1 Mayıs 1994
San Marino – Imola pisti
Biraz huzursuz gibiydi o sabah. Gözleri kısık bir halde bakınıyordu etrafına. Sürekli başını ovuyordu, sanki biraz ağrısı vardı. Yaşı henüz 34’tü ama yılların getirdiği yorgunluk buram buram süzülüyordu bakışlarından. Çok sıkıntı görmüştü ama ‘San Marino – Imola’ pisti bir Stephen King romanının kasvetli hissiyatını yaratmıştı Ayrton’da.
Bir gün önce aynı pistte, yaptığı kaza sonrası Roland Ratzenberger hayata gözlerini yummuştu. Aynı yaştalardı Ratzenberger ile... Ayrton, 21 Mart 1960’da Brezilya’da doğmuş, birkaç ay sonra Temmuz’un 4’ünde (Avusturya’da) Roland gelmişti dünyaya. Doğum yerleri kadar; kader haritaları da farklıydı. Yıllar içinde Ayrton Senna bir spor efsanesine dönüşürken, Roland F1’e adım atmak için sürekli mücadele etti. Kendisine haksızlıklar yapıldığına inanmasına rağmen, her zaman oyun içinde kaldı. Hayali Formula 1 pilotu olmaktı. Bunu hep dile getiriyordu. O fırsatı bulduğu 1994 yılında ise kara yazı ‘kasa daima kazanır’ dercesine Ratzenberger’i oyun dışı bıraktı.

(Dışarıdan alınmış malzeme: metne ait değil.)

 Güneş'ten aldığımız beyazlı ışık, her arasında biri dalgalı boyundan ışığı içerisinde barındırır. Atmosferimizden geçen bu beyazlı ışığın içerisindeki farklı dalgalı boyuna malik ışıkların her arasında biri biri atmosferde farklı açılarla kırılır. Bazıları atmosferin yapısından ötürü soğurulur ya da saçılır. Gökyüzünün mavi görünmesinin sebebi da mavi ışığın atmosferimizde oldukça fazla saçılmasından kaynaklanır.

30 Nisan 1994’te Roland Imola pistinde hayata gözlerini yumarken, Ayrton Senna meslektaşının acısını sonuna kadar hissetti. San Marino’daki karanlık hava pistin her yanına çökmüştü. Roland’ın hayaline kavuşmuşken hayata gözlerini yumması, Ayrton’u derinden etkiledi. Olayın ardından yakın arkadaşı ve F1’in Doktoru Sid Watson, yemekte yanına geldi. “Bu işleri bırakalım. Balık tutmayı seviyorsun, ben de seviyorum. Gidip balık tutalım” dedi. “Ben bırakamam Sid” dedi Ayrton... ‘Ok yaydan çıkalı çok oldu, artık geri dönüş yok’ diyordu cümleleri adeta kendi içinde sessizce...
Ayrton Senna, Lotus’taki başarılı ve McLaren’deki efsane yılların ardından Williams’ta elektronik aksamlar sayesinde şampiyonluk için biraz daha rahat olacağını düşünüyordu aslında. Ancak yeni düzenlemeler ve yasaklar işleri zor hale getirmişti. Canı sıkılsa da çok umursamamıştı, çünkü en iyisi olduğunu biliyordu ve zorluk onun göbek adıydı.

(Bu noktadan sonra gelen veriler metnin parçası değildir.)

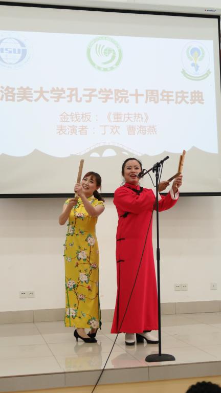 团委书记丁欢和曹海燕为十周年庆典献上精彩表演。

Çok şey sığdırmıştı 34 yıla. Sporda bir büyük yıldız olmuştu. Motor Sporları’nda alt serilerde kazanılabilecek tüm başarıları kazanmıştı. Alain Prost ile birlikte spor tarihinin en büyük rekabetlerinden birini kaleme almış, Formula 1’de 3 kez ‘Dünya Şampiyonu’ olmuştu. Pist içinde her zaman ihtiyacı olanların yardımına koşmuş, yarışlar içindeki acımasız kazanma hissini, yardımsever olarak başka bir sayfada başka sözcüklerle yazabilmeyi başarmıştı. Pist dışında, ülkesinde yardımları, başardıkları başka hiçbir sporcunun yapamayacağı cinstendi. Sporcu ya da tanınan bir yıldız tanımlamasını çoktan aşmıştı Brezilya için, o bir halk kahramanıydı. O Brezilya’nın tüm acılara rağmen gülme sebebiydi.
Yine de bu King romanın son sayfalarını andıran güneşli San Marino gününde, bir şeylerin yanlış olduğu daha GP haftasının ilk gününden belliydi. O zamanlar genç bir pilot olan Rubens Barrichello Cuma günü büyük bir kaza geçirmiş, şans eseri birkaç sıyrıkla kurtulmuştu. Roland Ratzenberger için ise işler Rubens kadar iyi gitmemiş, hayallerini gerçekleştirdiği günlerde hayatını kaybetmişti.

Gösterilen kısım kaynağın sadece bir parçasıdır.